I must admit that the plot and the words are far less important to me than the music itself. However,words and music are to be dramatically interwoven throughout the composition and performance. Anyway, I wouldn´t expect the same literary quality from a librettist as I do from a playwright.


----------



## pollux (Nov 11, 2011)

CameraEye said:


> Anyway, I wouldn´t expect the same literary quality from a librettist as I do from a playwright.


But there are librettists who also are first-rate writers.

Let's think of Hoffmannstahl, for example. His libretto for _Der Rosenkavalier _is so good that it is sometimes performed without music in Austria.

Philippe Quinault was a french baroque poet who wrote many of Lully's opera librettos. His libretto for _Atys_ is an absolute masterpiece, one of the most beautiful ever written.

Not to speak about Molière, many of whose plays where conceived from the beginning as comédie-ballets, that's to say plays with spoken and sung parts. This performance of _Le bourgeoise gentilhomme_, which I fully recommend, could be seen in Madrid last season (it's available on DVD):


----------



## elgar's ghost (Aug 8, 2010)

Pollux - rest assured, I'm not referring to Carmen (especially as I like the 'priming pin' double-entendre)!


----------



## pollux (Nov 11, 2011)

elgars ghost said:


> Pollux - rest assured, I'm not referring to Carmen (especially as I like the 'priming pin' double-entendre)!

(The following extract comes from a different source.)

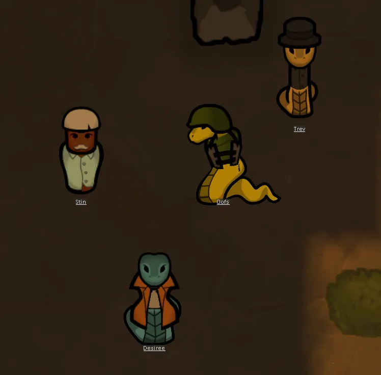 This loose federation of various snakefolk of former enemies have united against their more dangerous common foes. They lack most of even the most simple tools, making even the Neanderthals look fairly advanced. They regard all outsiders with suspicion if not outright hostility, but they are sometimes willing to trade scavenged goods.
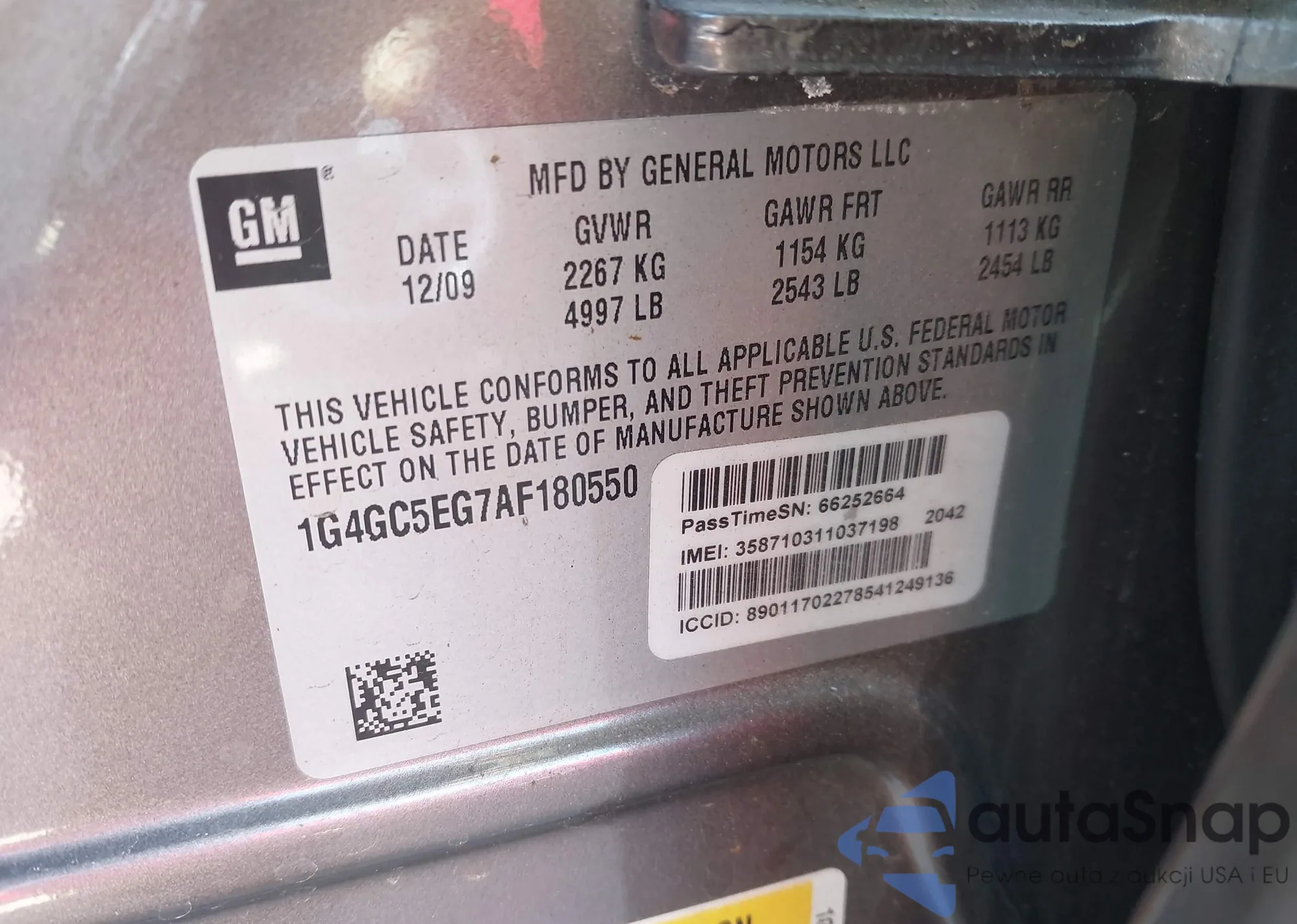 • VIN 1G4GC5EG7AF180550

What a relief. What is a 'priming pin'?


----------



## elgar's ghost (Aug 8, 2010)

Remember after the habanera when Carmen first spots Don Jose? She asks him what he's doing and he says he's making a chain for his priming pin, which I think is a piece of apparatus used for preparing a gun cartridge or something like that. Her teasing reply ('Ton epinglette - vraiment!') suggests that she thinks he may have been toying with a different kind!


----------



## CameraEye (Nov 18, 2011)

> But there are librettists who also are first-rate writers.


I absolutely agree with you and the ideal thing, as has been said above, would be to have first-rate opera composers supported by first-rate librettists/writers. But,generally,the best operas ( or regarded as such) have always displayed better music than words or plots. The audience attending an opera is in general more "musical" than "literary" and as long as the plot makes sense, they don´t take great pains to make out the meaning of the words (usually in a different language from theirs). Reading the libretto doesn´t help too much, as you might miss other relevant things. This doesn´t happen when you are watching a play on stage.

I wonder why good writers haven´t got engaged in this task more often. I guess it won´t be that easy and that special qualities,besides good writing techniques are needed. As for operas with plots based on classical playwrights as Shakespeare, I don´t think they have succeeded for the plots but for the music. Shakespeare wrote the plot ( perfect to start with) but not the words.


----------



## amfortas (Jun 15, 2011)

CameraEye said:


> As for operas with plots based on classical playwrights as Shakespeare, I don´t think they have succeeded for the plots but for the music. Shakespeare wrote the plot ( perfect to start with) but not the words.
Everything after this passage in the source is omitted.